What’s changed here is that supercomputers are no longer relegated to academic research. They are now becoming an integral part of the cloud architecture, which most likely will be supplemented by quantum computing over the next decade. And while many of these cloud operations will be owned by large companies such as Amazon or Google, increasingly they may be connected to government supercomputers around the world. That, in turn, can have significant implications for how edge devices are designed and function.

Data processing always has been about reducing bottlenecks for whatever price the market will bear. At 10/7nm and beyond, the big problem is moving signals across a die because the signals are subject to RC delay in increasingly skinny wires. This has spawned interest in a slew of advanced packaging options, as well as a trend toward dis-integration, whereby different processing elements and memories are scattered around a chip or on multiple chips rather than trying to cram everything into a single processing element.

Whether various components such as accelerators, analog IP blocks and memories continue to drift further apart, or whether they ultimately come together in a 3D stacked die isn’t clear yet. Much of that will depend upon the ability to control heat using new transistor structures, such as gate-all-around FETs, which can reduce leakage, and the cost of developing and manufacturing those new devices.

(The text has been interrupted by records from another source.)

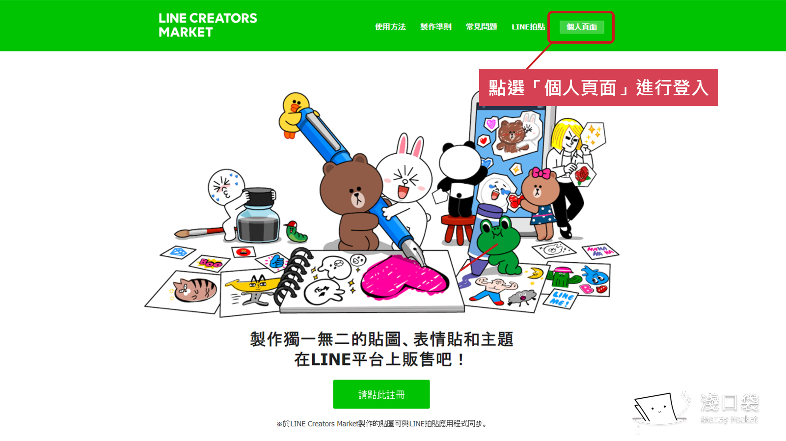 還記得之前小編請大家先註冊一個創意人帳號嗎? 我們要在這邊進行上架,點選 LINE Creators Market 的「個人頁面」進行登入。
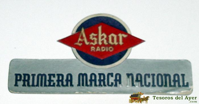 ANTIGUO DISPLAY DE PUBLICIDAD DE RADIO ASKAR, PRIMERA MARCA NACIONAL, MIDE 18 X 9 CMS.
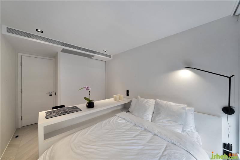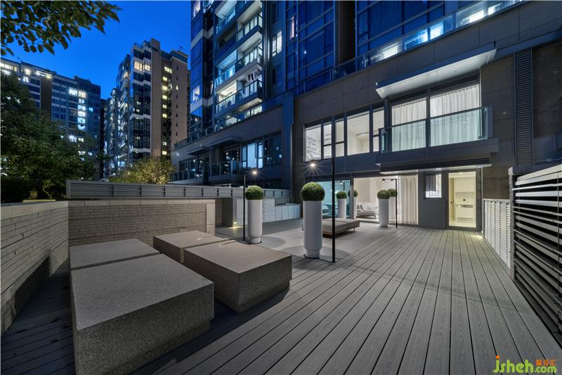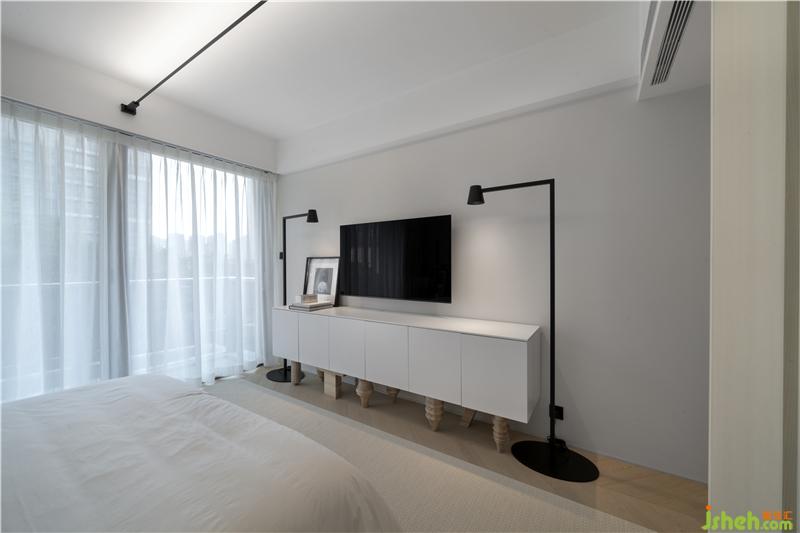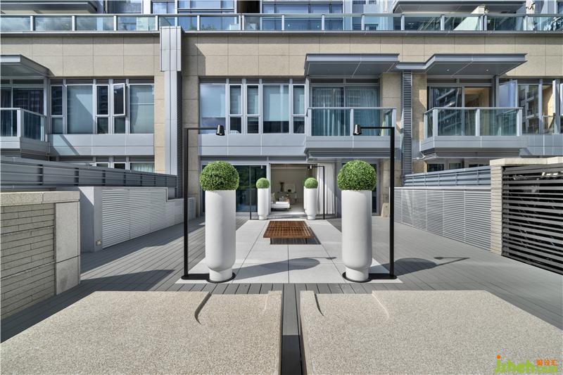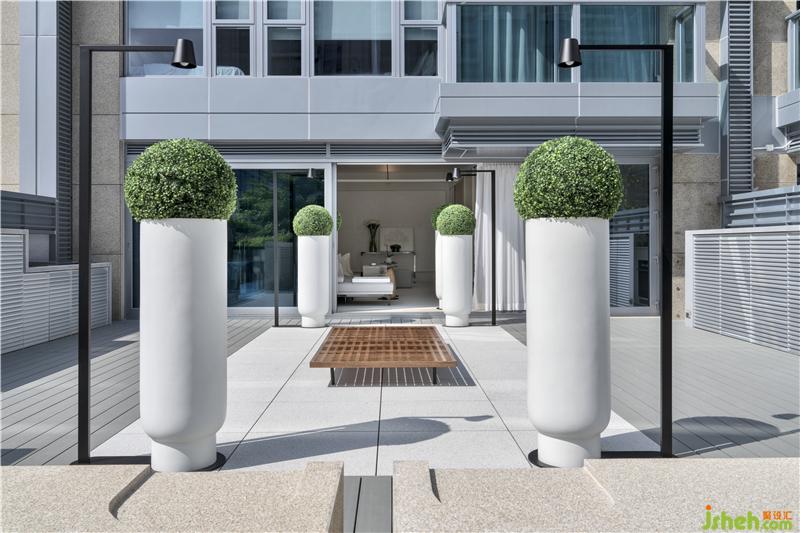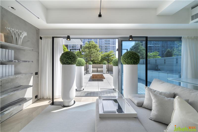 户外光源设置同样突显设计巧思,六根Bodoni字体C形灯柱,为庭院的中轴景观镶上哑黑边框,在一片素白底色中裁剪出立体感。

But these issues do provide an interesting opening for these giant supercomputers to play a much larger role for a variety of devices, particularly if they can be connected using extremely high-bandwidth connections such as millimeter-wave 5G. That won’t work for autonomous cars moving down the highway at 100kph or more, but it certainly could work on a corporate campus where a delay of 100 milliseconds is still faster than what most workers experience today. And that could impact what kind of processing is done locally, and how much, versus how much is done remotely.

Supercomputers have suddenly become very relevant to many more types of processing and compute architectures, and that relevance will continue to grow the CapEx investment for cloud-based computing continues to rise beyond the means of many companies.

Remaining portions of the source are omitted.